Cyndi Monaghan/ Getty

Abortion rights have been long-debated issues for countries across the globe. Always, when it comes to conversations about women’s reproductive rights, is the debate that decisions like these should be decided solely by the people directly affected. You know, the ones with uteruses. Surprisingly, the president of Mexico agrees.

Last Thursday, the president declared that he believed that the decision about whether the country should legalize abortion should be left up to women.

Mexican President Andres Manuel Lopez Obrador stressed last week that the legality of abortion should be up to Mexico’s women to decide.

While López Obrador avoided revealing his actual position on the issue, he did say that a public consultation should be considered in the decision. In Mexico, the issue of abortion remains controversial and is still rejected by many Mexicans.

“It’s a decision for women,” Lopez Obrador explained one day after the Argentine Senate voted to make abortion legal. “It’s just that matters of this nature should not be decided from above.”

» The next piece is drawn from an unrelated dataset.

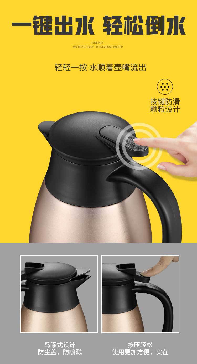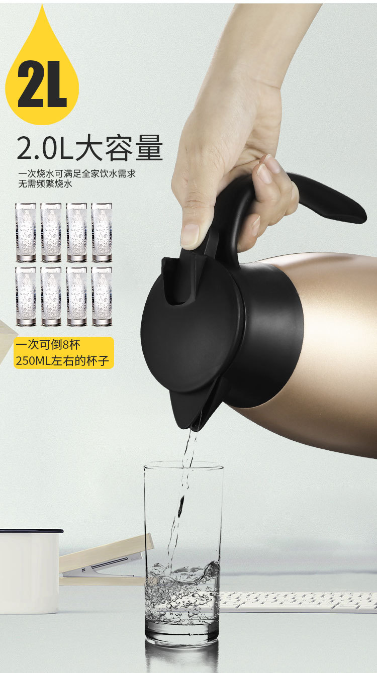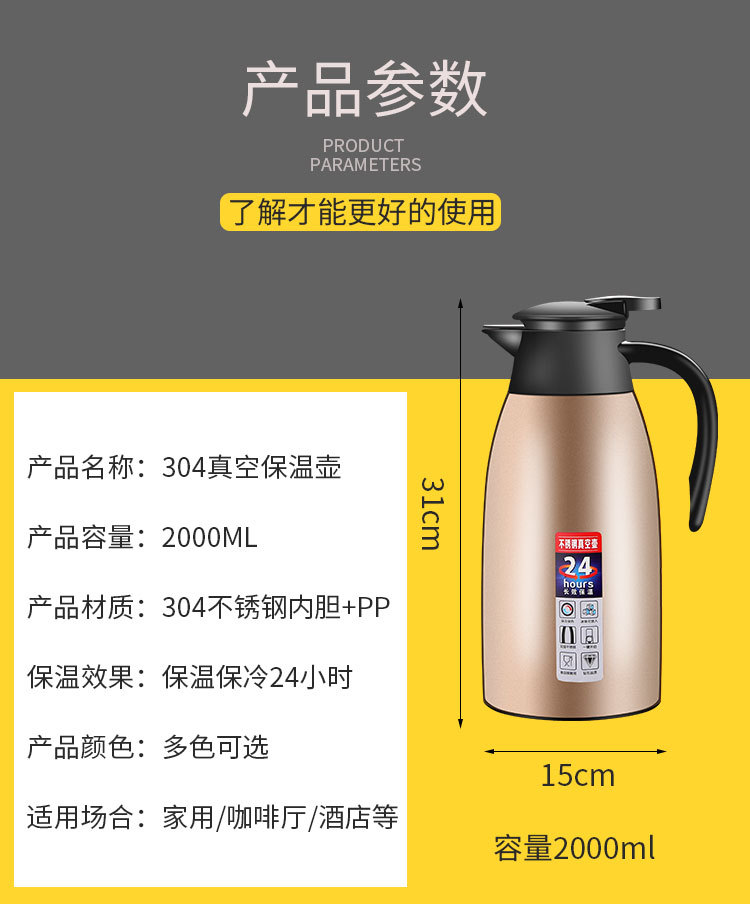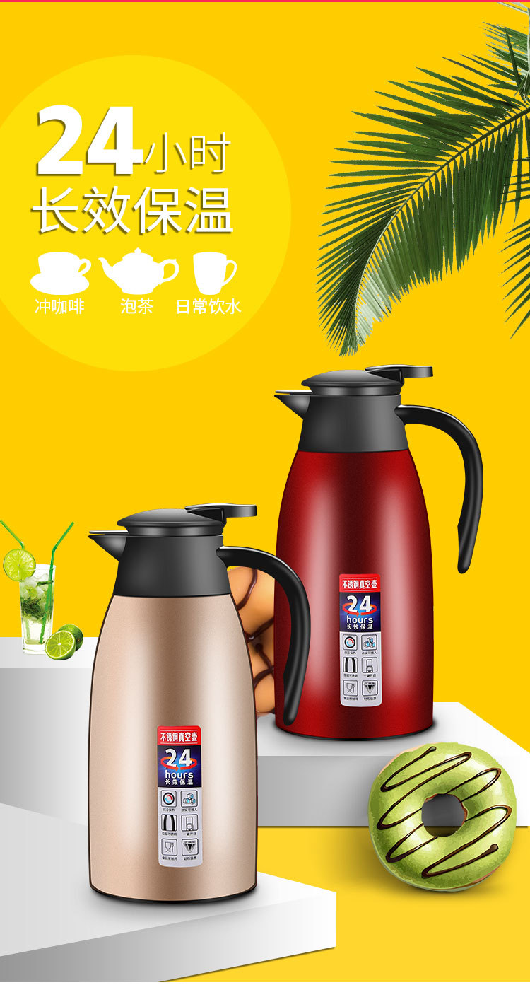 선물 상자 304 스테인레스 스틸 환영 커피 포트 2L 온수 병 가정용 대용량 진공 단열 냄비

Lopez Obrador’s comments came soon after the Argentine vote was made and journalists in a news conference asked him whether he thought Mexico should take similar action.

Mexico, a majority Roman Catholic nation, is changing in its perception of abortion restrictions.

According to Reuters, “At the end of November, support for abortion stood at 48% in a survey, published by the news organizations El Financiero and Nación321 – a steep rise from the 29% recorded in March. The poll, based on telephone interviews with 410 participants, asked if respondents agreed that “the law should permit a woman the right to abortion.”

While abortion is legal in Mexico City and the state of Oaxaca, it remains illegal in most of the country with the exception of special circumstances.

According to Reuters, a “nationwide poll published in September 2019 by newspaper El Financiero showed that a woman’s right to abortion only had majority support in Mexico City and Baja California state.”

Sixty-three percent of people who took part in the survey said that they were against abortion rights while 32% were in favor. Fifteen thousand adults took part in the survey.

Various nations in Latin American ban abortion in totality. El Salvador, has in the past sentenced women to up to 40 years in prison. Until recently, only Cuba and Uruguay have allowed women to recieve elective abortions.